The Night de Frederic Malle est un parfum Ambre boisé pour homme et femme
A vrai dire, The Night aurait pu s’appeler Bitch Please tant ce parfum est une leçon de maître. En réponse à l’explosion du oud en parfumerie, Malle et Ropion se posent en observateurs de tous ces arrivistes aussi crédibles que les One Direction présidents du jury au festival de Cannes. Ils vont même jusqu’à avoir l’élégance de ne rien faire remarquer, de simplement poser discrètement leur proposition sur le rang impitoyable des nouveautés. Pas besoin d’un tank de communication fallacieuse pour faire croire à la grandeur du parfum. The Night est grandiose, point. Pourquoi ? Sentez, tout simplement.
Tout est dans ce oud. Absolument tout. La matière brute reflète l’obsession des hommes. L’animalité des créations françaises du début du XXe siècle était conquérante. Celle de The Night est triomphante. Elle ne se cache jamais et tire tout avec elle : dans sa fourrure dorée viennent se lover les caractères les plus sombres et tortueux de l’animalité. Mais ce qui fait vraiment la différence, c’est l’intelligence de Ropion. Voilà un parfumeur qui a compris une des bases essentielles que nous a apprise Jicky et la parfumerie Guerlain : l’animalité est duelle et ne doit pas être qu’un simple aplat. Elle se lie aux autres entités végétales, les propulse, les soutient. Rappelez-vous du Jicky de 1889 où la bergamote embrassait l’animalité et où cette dernière faisait office de fondant dans le reste de la structure du parfum.
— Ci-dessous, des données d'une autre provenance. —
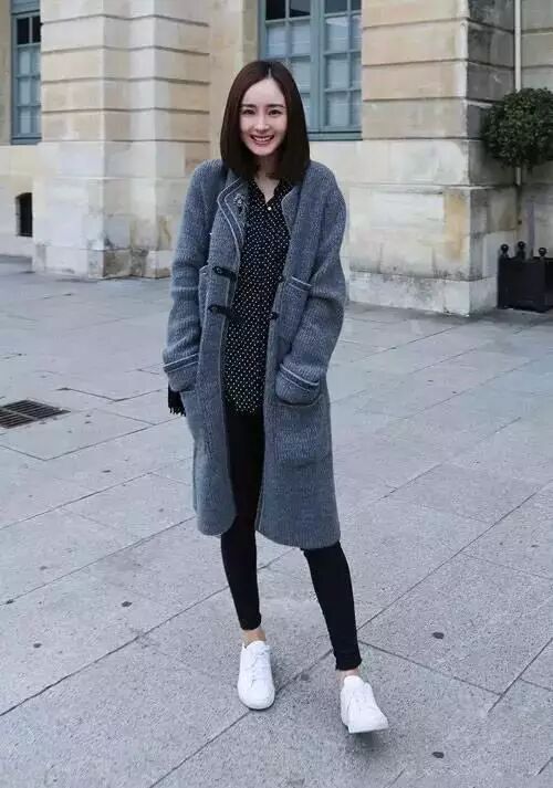 减龄的毛衣外套搭配衬衫和黑色小脚裤,小白鞋,韩范十足,满满地少女气息。
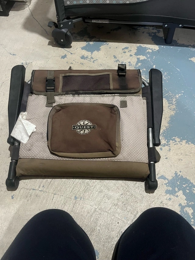 Get ready to relax with this Quest chair, perfect for camping, picnics, or any outdoor adventure. This chair has seen some action and is in used condition, ready for more memories. Features include a convenient carry bag and a sturdy frame. While this chair might not be brand new, it's eager to join you on your next adventure. Cash accepted.
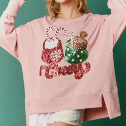 Christmas Candy Cup Sequins Sweatshirt Casual Loose Top
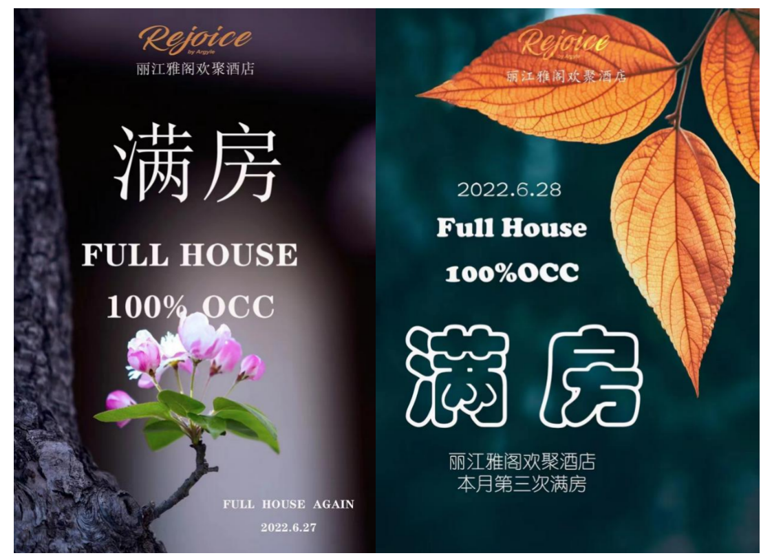 6月27&28日入住率100%,丽江雅阁欢聚酒店(雅阁酒店集团旗下成员酒店)本月又㕛满房啦~
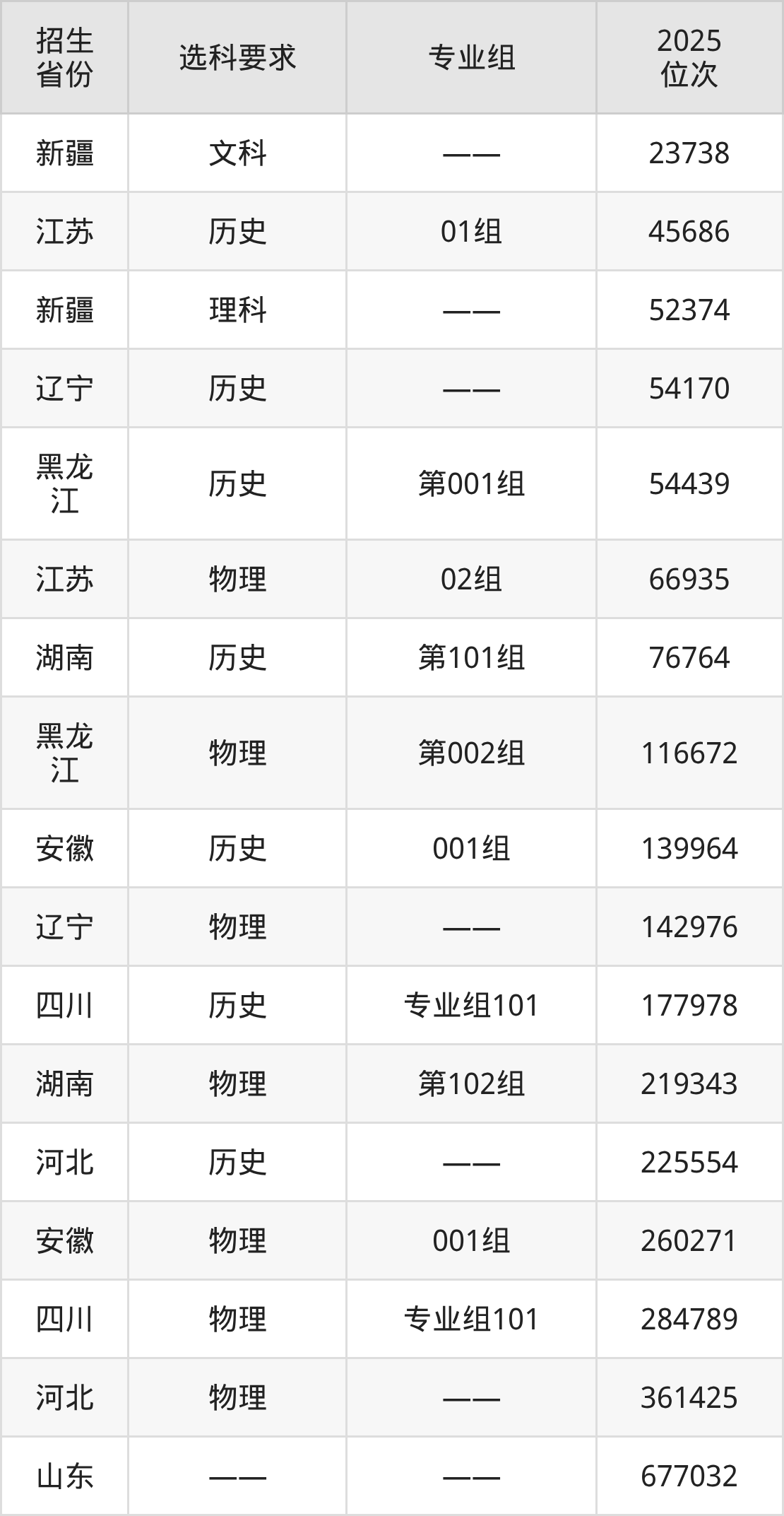 曹妃甸職業(yè)技術(shù)學院2025年在全國各省的位次差異較大,最高位次是23738位(新疆文科)、最低位次是677032位(山東)。各省具體位次請看下圖:
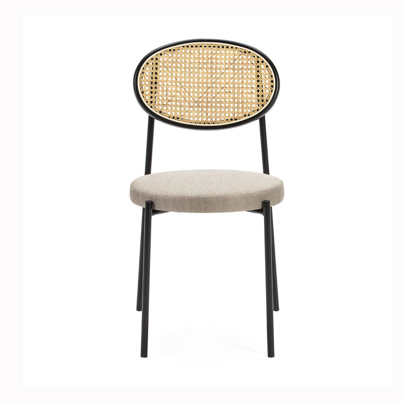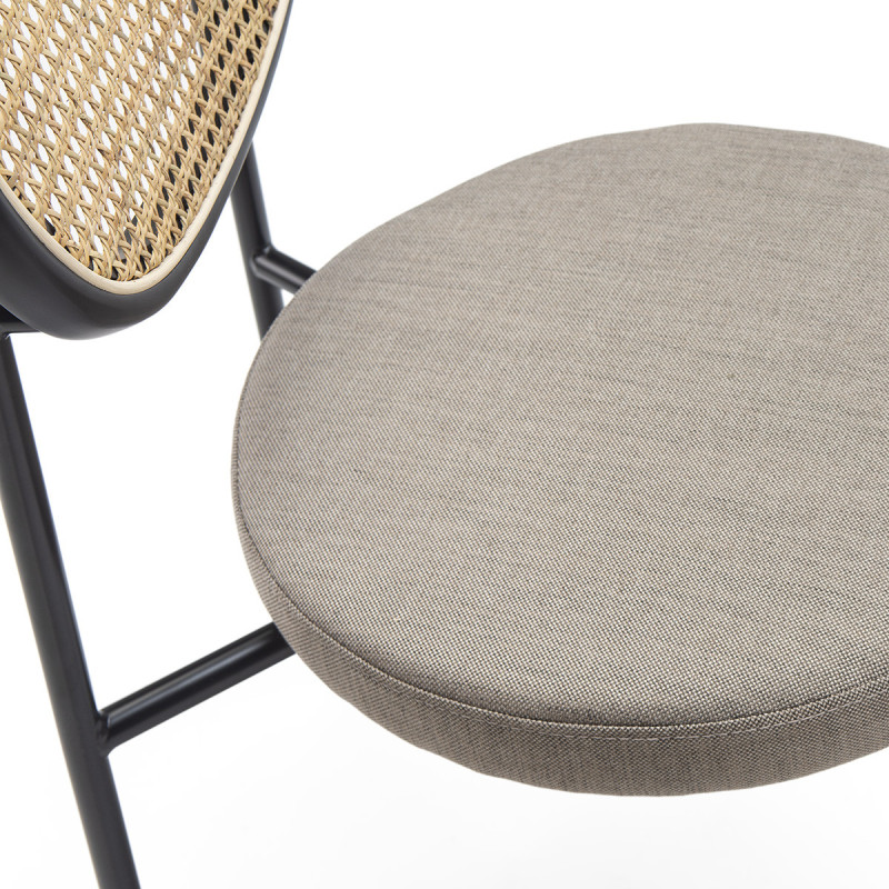SILLA 44x53x83 METAL NEGRO/RATAN NATURAL/TELA GRIS
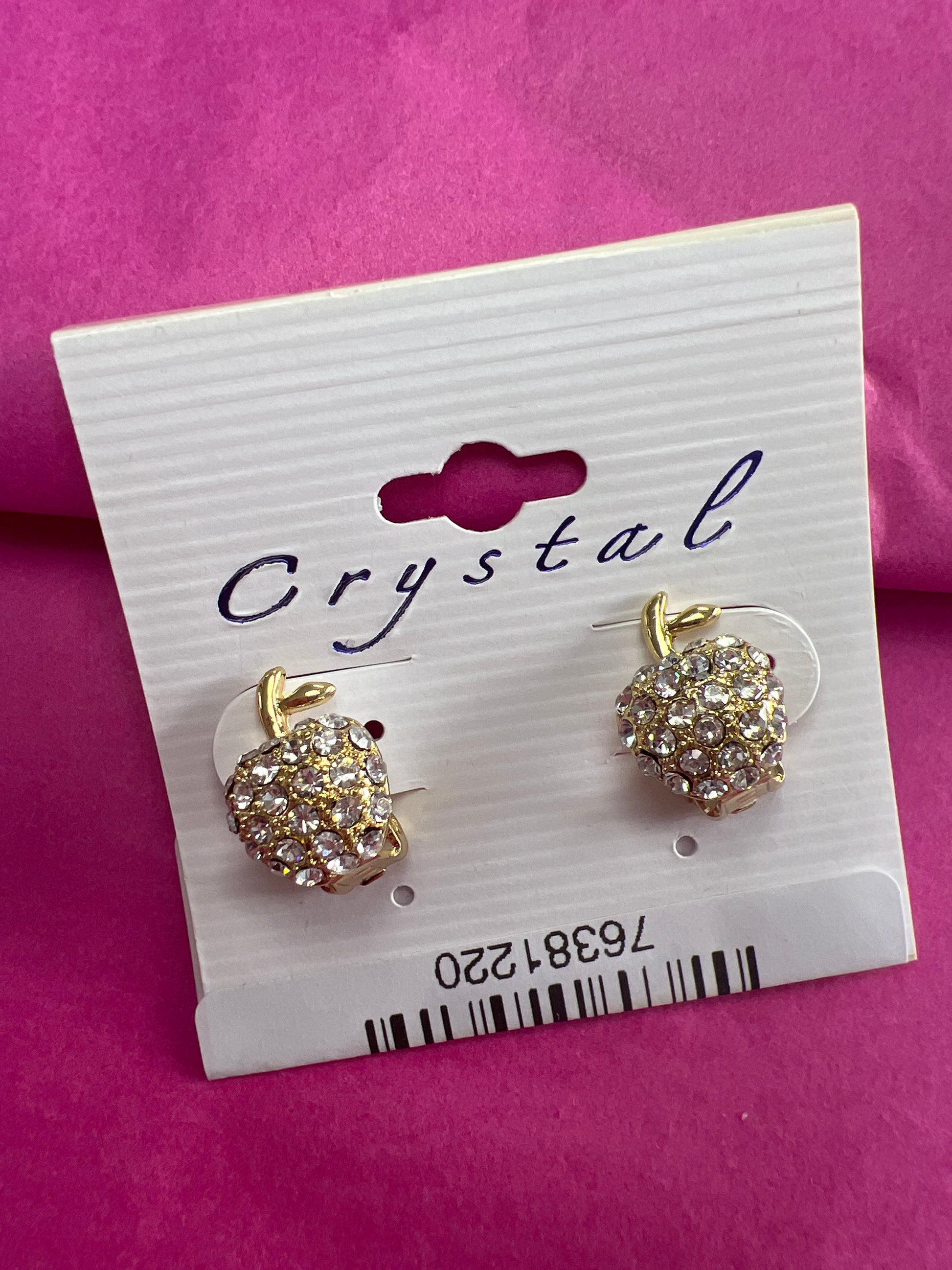 Wedding Gold Crystal Rhinestone Apple Clip Earrings- 22012C200
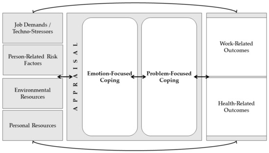 Only five studies [58,84,92,93,98] addressed appraisal, i.e., the process that decides whether potential stressors are actually perceived as threatening or not [17]. The knowledge of available resources influences the appraisal. Similarly, coping strategies are also dependent on resources [16]. Several authors followed this approach and examined how employees appraised stress caused by email traffic [56,98] and found that framing technology as an opportunity or a threat shaped the consequences of being exposed to technostress creators [84]. Challenge appraisals were associated with problem-focused coping strategies and positive outcomes, while hindrance appraisals were associated with emotion-focused coping strategies and negative outcomes [92,93].

Dans The Night, Ropion a réussi à faire jouer le même rôle au oud. Mais tout le propos est d’aujourd’hui : la bergamote d’antan laisse place à une myriade de fruits rouges. Ils scintillent, pétillent et propulsent le parfum dans un spectre olfactif encore jamais exploité : les fruits rouges maîtrisent la toison d’or oudée, le oud rugit et permet de bâtir une colonne vertébrale boisée. Et tout s’enchaîne à la perfection. Une contre-plongée suggère l’arrivée fruitée par une rose merveilleuse. Un contrechamp circulaire présente alors la reine des fleurs dans toute son incandescence : fruitée et lunaire ; animale et charnue, ses facettes réveillent un cœur battant. Mais dès qu’on l’approche, la voilà devenir verte et citronnée… C’est à ce moment là qu’apparaît Géranium pour monsieur. Menthé, électrique, vibrant et très bâti, The Night se cadre sur la forme de ce parfum. Comment d’un oud de 2015, nouvelle structure en soi, Malle et Ropion parviennent à faire un clin d’oeil aux deux grands schémas abstraits de la parfumerie que sont le chypre et la fougère. Du pur génie vous dis-je. Du pur génie.
Ainsi, il me paraît essentiel de mettre en avant comment The Night flamboie par son intelligence et sa maestria. Maestria pour sa réussite technique : faire un parfum aussi extrême, abouti et profondément brillant semblait inespéré. Mais j’aurai senti ça dans ma vie de perfumista.